# How to spot a Seeker-Sensitive Baptist Church



## Bill The Baptist (Apr 11, 2011)

Here is a fun list for all my Baptist brethren that I compiled to help us spot churches that have succumbed to that most troubling trend that is plaguing SBC churches today; The Seeker-Sensitive Church.

How to Spot a Seeker-Sensitive Baptist Church

* The Music Pastor is 40 and dresses like he is 18

* The Youth Pastor is 18 and dresses like he is 12

* The Music is really loud and the sermon is really quiet

* The invitation is longer than the sermon

* The Pastor is wearing a hawaiian shirt

* The Pastor sits on a stool and sips coffee during the sermon ,which is referred to as a "talk"

* They proudly advertise that they are the "church for people who don't like church"

* The songs have no more than ten words in them and make very little sense

* The congregation is almost as ignorant of the bible as the pastor is.

* The Pastor reads from "The Message" with a straight face.

* The deepest theological book anyone has read is "The Shack"


----------



## ericfromcowtown (Apr 11, 2011)

At my wife's former church everytime the pastor said the church name: Sometown "Baptist", he'd make little quotation mark hand-signs to bookmark the word baptist, to indicate that they were really beyond all that denominational baggage.


----------



## KMK (Apr 11, 2011)

Bill The Baptist said:


> The Pastor is wearing a hawaiian shirt



Although most of these are too mean-spirited for my taste, the Hawaiian shirt phenomenon in SoCal is very interesting. There is a contingent who vocally opposes any appearance of formality in the preacher. Upon my first public preaching engagement, an ex-pastor in attendance was enraged that I wore a tie and told me so to my face. It is very interesting how many have adopted 'tie wearing' in order to separate themselves from 'seeker sensitive' just as many a generation ago adopted Hawaiian shirt wearing to separate themselves from what they believed was a formalistic and lifeless church of a previous generation.


----------



## torstar (Apr 11, 2011)

Certain big seekers-sensitive people are morbidly obese and the Hawaiian look is the only thing they can wear. 

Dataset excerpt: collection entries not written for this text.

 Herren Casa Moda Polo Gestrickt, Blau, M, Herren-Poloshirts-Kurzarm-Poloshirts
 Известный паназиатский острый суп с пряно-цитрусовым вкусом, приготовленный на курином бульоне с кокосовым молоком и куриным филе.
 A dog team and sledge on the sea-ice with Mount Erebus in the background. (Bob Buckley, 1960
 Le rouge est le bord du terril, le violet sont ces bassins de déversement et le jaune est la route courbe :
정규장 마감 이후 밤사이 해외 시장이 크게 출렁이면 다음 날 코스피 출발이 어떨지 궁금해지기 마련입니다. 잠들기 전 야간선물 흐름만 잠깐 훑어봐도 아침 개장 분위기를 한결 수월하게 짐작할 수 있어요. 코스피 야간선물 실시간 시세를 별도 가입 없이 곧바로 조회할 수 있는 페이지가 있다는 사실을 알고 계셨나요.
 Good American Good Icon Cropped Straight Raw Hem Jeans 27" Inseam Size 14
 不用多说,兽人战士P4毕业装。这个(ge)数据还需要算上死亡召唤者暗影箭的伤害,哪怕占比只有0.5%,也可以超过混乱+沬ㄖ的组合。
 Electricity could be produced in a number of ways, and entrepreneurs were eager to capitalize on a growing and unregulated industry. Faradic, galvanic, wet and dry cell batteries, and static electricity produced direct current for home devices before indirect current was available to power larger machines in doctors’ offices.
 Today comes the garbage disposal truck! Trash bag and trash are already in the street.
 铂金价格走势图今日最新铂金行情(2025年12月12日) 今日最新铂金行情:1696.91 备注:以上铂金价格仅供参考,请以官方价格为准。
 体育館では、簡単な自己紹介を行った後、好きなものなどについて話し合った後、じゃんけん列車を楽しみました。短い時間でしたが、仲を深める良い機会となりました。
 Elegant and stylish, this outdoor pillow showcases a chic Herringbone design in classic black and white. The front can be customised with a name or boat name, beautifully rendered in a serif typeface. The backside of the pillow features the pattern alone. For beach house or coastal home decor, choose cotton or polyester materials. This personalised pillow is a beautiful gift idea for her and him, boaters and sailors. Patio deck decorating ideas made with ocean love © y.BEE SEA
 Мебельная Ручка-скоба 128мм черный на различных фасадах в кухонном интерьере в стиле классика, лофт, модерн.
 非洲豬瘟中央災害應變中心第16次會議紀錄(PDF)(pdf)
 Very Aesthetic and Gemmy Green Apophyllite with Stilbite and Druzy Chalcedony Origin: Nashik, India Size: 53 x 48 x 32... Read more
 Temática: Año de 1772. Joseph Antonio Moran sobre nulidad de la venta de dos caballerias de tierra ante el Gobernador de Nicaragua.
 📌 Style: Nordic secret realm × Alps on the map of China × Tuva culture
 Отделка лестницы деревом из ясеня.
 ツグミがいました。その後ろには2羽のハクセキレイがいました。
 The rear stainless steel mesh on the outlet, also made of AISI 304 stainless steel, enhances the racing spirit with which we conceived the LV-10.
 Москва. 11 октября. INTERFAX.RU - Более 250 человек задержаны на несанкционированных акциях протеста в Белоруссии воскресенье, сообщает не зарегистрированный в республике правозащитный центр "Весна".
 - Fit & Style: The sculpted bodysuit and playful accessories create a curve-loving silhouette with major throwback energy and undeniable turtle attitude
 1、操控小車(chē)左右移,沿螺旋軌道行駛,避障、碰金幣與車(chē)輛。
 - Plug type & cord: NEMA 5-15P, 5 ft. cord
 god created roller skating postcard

They can't buy a shirt and tuck it in with a belt or braces holding up their pants...


----------



## devonturnbaugh (Apr 11, 2011)

HA! Thanks for the unfortunately true-yet-funny post. I especially liked the youth pastor one but you could also add that he acts like he's twelve.


----------



## coramdeo (Apr 11, 2011)

What about the strobe lights and smoke from under the platform?


----------



## torstar (Apr 11, 2011)

Your sermons get full play twice a month on Fighting for the Faith.


----------



## Pilgrim (Apr 11, 2011)

Some of these are true enough, although some are over-generalizations. 

The point about the invitation being longer than the sermon is clearly wrong, at least in my experience. Long invitations and altar calls are a staple of old school Bible-thumping revivalists, which are seen as basically being the polar opposite of seeker sensitive. Rick Warren, for example, doesn't use "altar calls." They would put people on the spot by asking for an immediate decision and are generally not seen as catering to felt needs, etc. 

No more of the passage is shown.